As I matured, received an education, married, and had my own wonderful family, the realization that the Holocaust wasn’t something that I would comprehend at any one time became clear. The knowledge comes in very subtle ways. It can also come in shock waves.
While walking though the United States Holocaust Memorial Museum in Washington with Bubbie and Ziede (who are founding members of the Museum), I was completely amazed and dumfounded by the level of pain and anguish my grandparents had been able to endure. However, also surreal and very subtle was the knowledge that I was walking through a museum with the active participants, each an actual genuine walking-and-talking piece of history.

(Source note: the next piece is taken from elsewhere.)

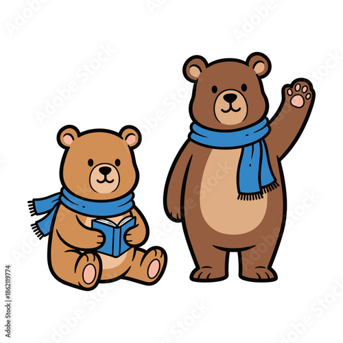 bear, bear, cartoon, reading, book, foulard, blue, sitting, standing, waving, paw, vector
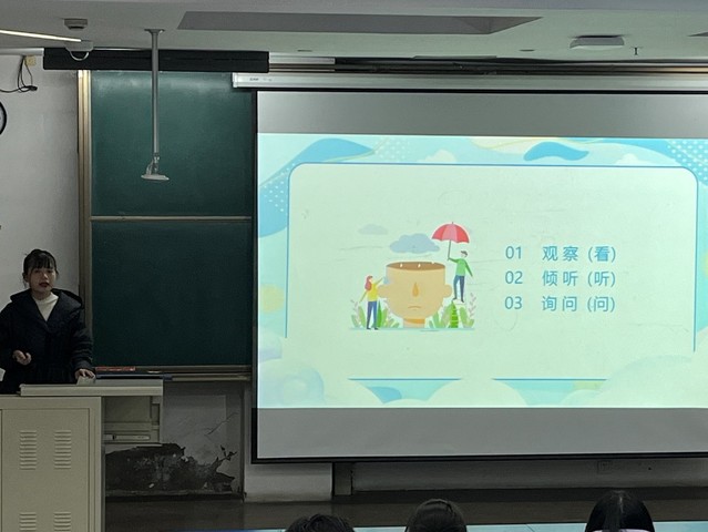 培训中,首先赵老师明确宿舍气象员角色定位,详细讲解该职位的工作职责和注意事项,引导大家日常要及时关注同学心理健康、积极协助学院做好学生与老师、学院之间的沟通桥梁。接着,赵老师通过案例分析帮助同学们明晰宿舍气象员的工作伦理以及助人技巧,希望同学们学会用耳听、用眼看、用口说、用心想,在倾听和理解同学的过程中,能够做到耐心和细心。最后赵老师深入浅出地阐述了心理危机的定义及其对个体和社会的潜在影响,强调了及时发现和干预危机的重要性。同时,她详细介绍了如何识别危机线索,在发现同学处于危机情况时,如何提供有效支持,使同学们能够更好地应对各种突发事件。

At ninety years old, my Bubbie is amazing. She is a Renaissance woman. At any given time she may be on the internet—no doubt looking at some Holocaust related matter, on the phone helping another survivor locate long-lost relatives, giving advice on locating reparations help, being asked to speak, lecture, attend, or otherwise commemorate Holocaust events. If asked, she will translate in the four or so languages she speaks. She knows her favorite operas and can sing parts from them. She can dance a mean tango, and Bubbie still likes to tell a good Yiddish joke. The smile on her face when her great-granddaughters hug her lights up the entire room.
Bubbie had the foresight to have her son Isaac, my father, tape her Holocaust testimony along with Wolf’s. My father also collected, scanned, and inventoried our family photos and documents. My father indicates that he was profoundly saddened but that the work helps explain Bubbie to our children and the world and helps them understand the magnitude to which hatred and prejudice can bring out the most evil side of human nature.
Through Bubbie we can exemplify the resilience and the better side of humanity. In the darkest of nights, people don’t have to lose hope—people can withstand and overcome. We must remember and never forget what Bubbie and our people went through. The legacy of my grandparents, my family members who perished, and all those lost in Holocaust must be this: Let there be no more Holocausts.
Thanks, Bubbie, for your ever abundant love, kindness, generosity, and understanding and for all you have given and continue to give us every day. Thank you for providing me the wonderful opportunity to tell your miraculous story every time someone asks about my name.
David Jeremy Ehrlich
After graduation, Hanna would have gone to the university except, in September 1939, the Germans attacked Poland, World War II broke out, and universities were forbidden to accept Jewish students. The occupation of Będzin was followed by restrictions, ghettoization, deportation, and the murder of most of Hanna’s friends and family. After years in forced labor camps, Hanna was liberated and reunited with her friend from Będzin, Wolf Ehrlich. The two married in Munich and immigrated to the U.S. where they established a poultry farm and a china and crystal shop in Mays Landing, New Jersey. Hanna’s memoir, An Exile from a Paradise: Memories of a Holocaust Survivor from Będzin, Poland, is awe-inspiring, a story of resilience and hope, of exile and acceptance.